Please, without any pictures, set down exactly the part of the listing below that opens with the line containing "La formación profesional" and closes with the line containing "- Готуємо першу".

═════ GIVEN RECORDS

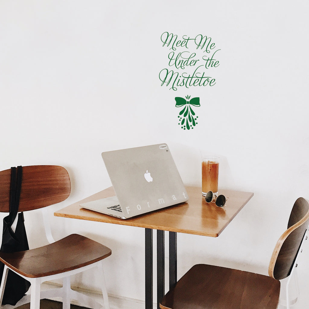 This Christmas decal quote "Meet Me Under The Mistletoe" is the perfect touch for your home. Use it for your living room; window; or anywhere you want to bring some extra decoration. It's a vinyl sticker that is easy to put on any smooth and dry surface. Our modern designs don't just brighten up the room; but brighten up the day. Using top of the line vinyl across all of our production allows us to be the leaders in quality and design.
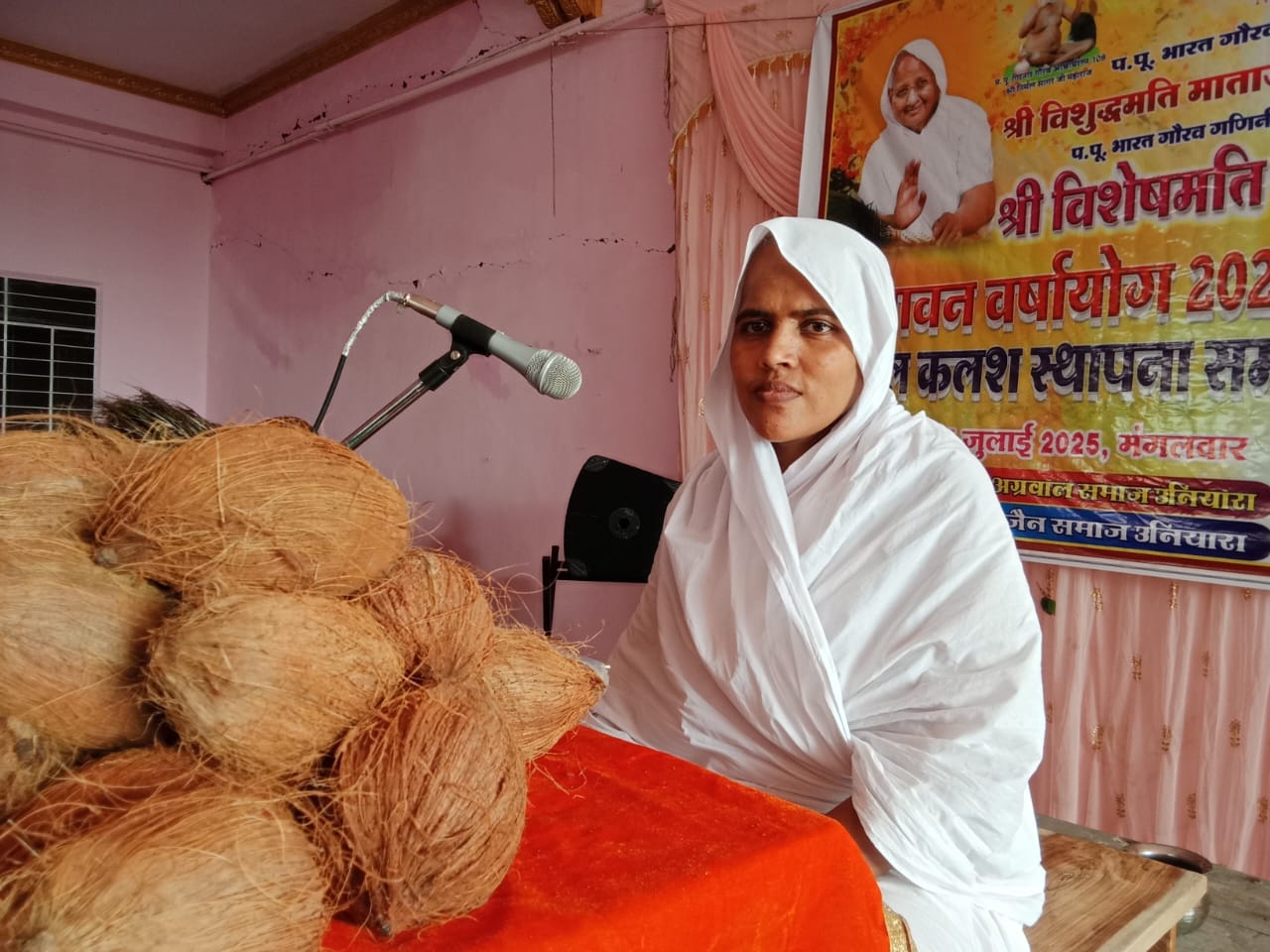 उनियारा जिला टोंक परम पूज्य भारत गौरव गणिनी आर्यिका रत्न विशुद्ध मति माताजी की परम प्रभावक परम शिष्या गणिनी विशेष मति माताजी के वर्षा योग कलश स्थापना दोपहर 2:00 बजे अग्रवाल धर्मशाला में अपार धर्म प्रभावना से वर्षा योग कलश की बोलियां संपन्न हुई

══════════
═════ GIVEN RECORDS

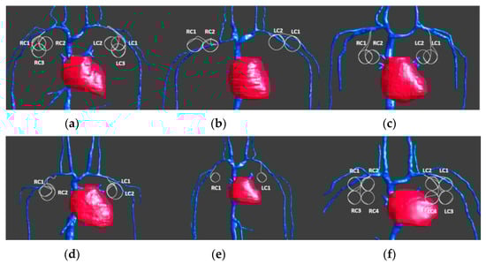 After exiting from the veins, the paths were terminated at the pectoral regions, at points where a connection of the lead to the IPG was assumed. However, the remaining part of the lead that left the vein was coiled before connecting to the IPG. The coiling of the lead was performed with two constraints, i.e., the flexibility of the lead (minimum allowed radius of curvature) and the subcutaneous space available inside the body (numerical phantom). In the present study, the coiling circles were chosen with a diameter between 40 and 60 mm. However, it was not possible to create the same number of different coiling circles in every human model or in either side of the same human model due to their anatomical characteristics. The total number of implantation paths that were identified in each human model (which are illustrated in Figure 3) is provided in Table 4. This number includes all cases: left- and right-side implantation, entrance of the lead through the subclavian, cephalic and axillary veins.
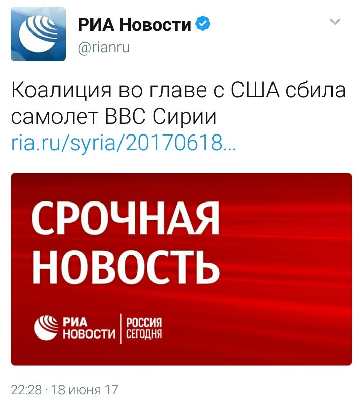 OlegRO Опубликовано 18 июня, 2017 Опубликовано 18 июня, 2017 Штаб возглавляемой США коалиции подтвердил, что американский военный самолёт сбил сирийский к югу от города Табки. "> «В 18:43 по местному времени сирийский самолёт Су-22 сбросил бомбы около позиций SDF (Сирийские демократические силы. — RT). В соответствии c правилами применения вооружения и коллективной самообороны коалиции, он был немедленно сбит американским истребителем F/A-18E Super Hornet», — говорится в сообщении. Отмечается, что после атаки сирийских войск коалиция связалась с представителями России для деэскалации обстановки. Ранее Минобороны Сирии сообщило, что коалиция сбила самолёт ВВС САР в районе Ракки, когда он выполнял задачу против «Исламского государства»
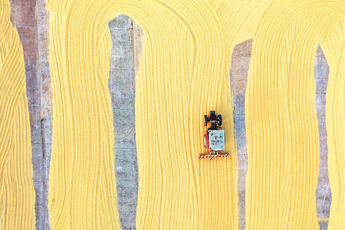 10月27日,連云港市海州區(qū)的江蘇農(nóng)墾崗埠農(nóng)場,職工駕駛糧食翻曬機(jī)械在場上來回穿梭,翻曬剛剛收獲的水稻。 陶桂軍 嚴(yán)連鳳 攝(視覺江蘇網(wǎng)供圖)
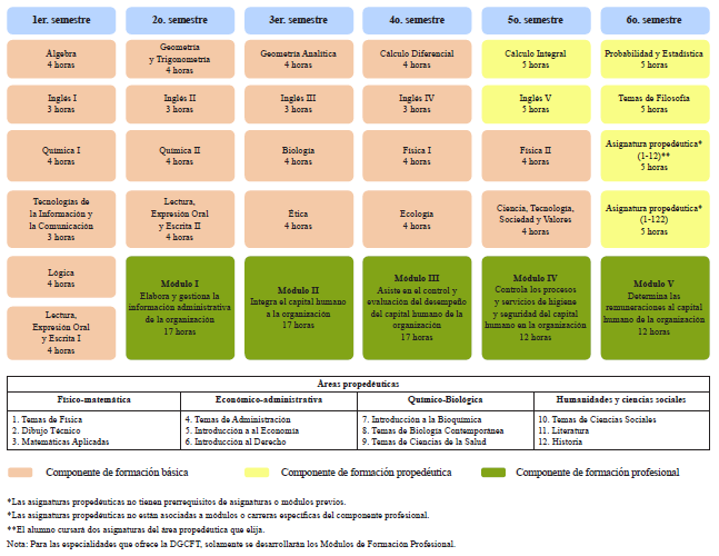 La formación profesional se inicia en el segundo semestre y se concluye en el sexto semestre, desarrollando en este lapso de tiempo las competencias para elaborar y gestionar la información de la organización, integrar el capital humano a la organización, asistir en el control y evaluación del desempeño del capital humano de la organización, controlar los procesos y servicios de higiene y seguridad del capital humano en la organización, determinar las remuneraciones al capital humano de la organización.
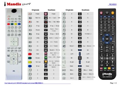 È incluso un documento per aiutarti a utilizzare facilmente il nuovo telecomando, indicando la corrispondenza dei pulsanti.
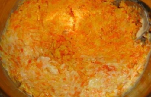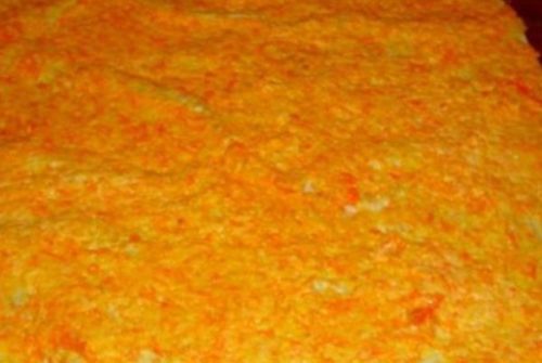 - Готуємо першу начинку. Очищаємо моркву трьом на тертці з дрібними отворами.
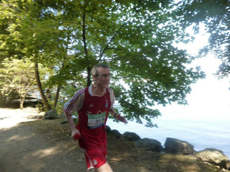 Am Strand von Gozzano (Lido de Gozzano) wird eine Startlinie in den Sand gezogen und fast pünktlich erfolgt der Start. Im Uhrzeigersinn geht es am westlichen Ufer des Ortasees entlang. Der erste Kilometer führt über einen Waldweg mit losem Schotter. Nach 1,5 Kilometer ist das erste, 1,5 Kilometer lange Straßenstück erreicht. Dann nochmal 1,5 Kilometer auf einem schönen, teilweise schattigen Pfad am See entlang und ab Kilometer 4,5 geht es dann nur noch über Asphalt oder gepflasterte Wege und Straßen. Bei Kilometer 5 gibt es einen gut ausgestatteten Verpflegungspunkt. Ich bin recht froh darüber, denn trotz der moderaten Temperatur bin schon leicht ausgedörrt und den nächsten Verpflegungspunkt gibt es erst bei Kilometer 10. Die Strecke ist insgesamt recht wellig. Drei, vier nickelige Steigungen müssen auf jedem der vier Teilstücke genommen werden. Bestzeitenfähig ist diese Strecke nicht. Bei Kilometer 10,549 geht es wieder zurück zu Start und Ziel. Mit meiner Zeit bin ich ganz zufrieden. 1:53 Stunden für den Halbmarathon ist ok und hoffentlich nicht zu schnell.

══════════

> [ANSWER TO THE EXERCISE]:
 La formación profesional se inicia en el segundo semestre y se concluye en el sexto semestre, desarrollando en este lapso de tiempo las competencias para elaborar y gestionar la información de la organización, integrar el capital humano a la organización, asistir en el control y evaluación del desempeño del capital humano de la organización, controlar los procesos y servicios de higiene y seguridad del capital humano en la organización, determinar las remuneraciones al capital humano de la organización.
 È incluso un documento per aiutarti a utilizzare facilmente il nuovo telecomando, indicando la corrispondenza dei pulsanti.
 - Готуємо першу начинку. Очищаємо моркву трьом на тертці з дрібними отворами.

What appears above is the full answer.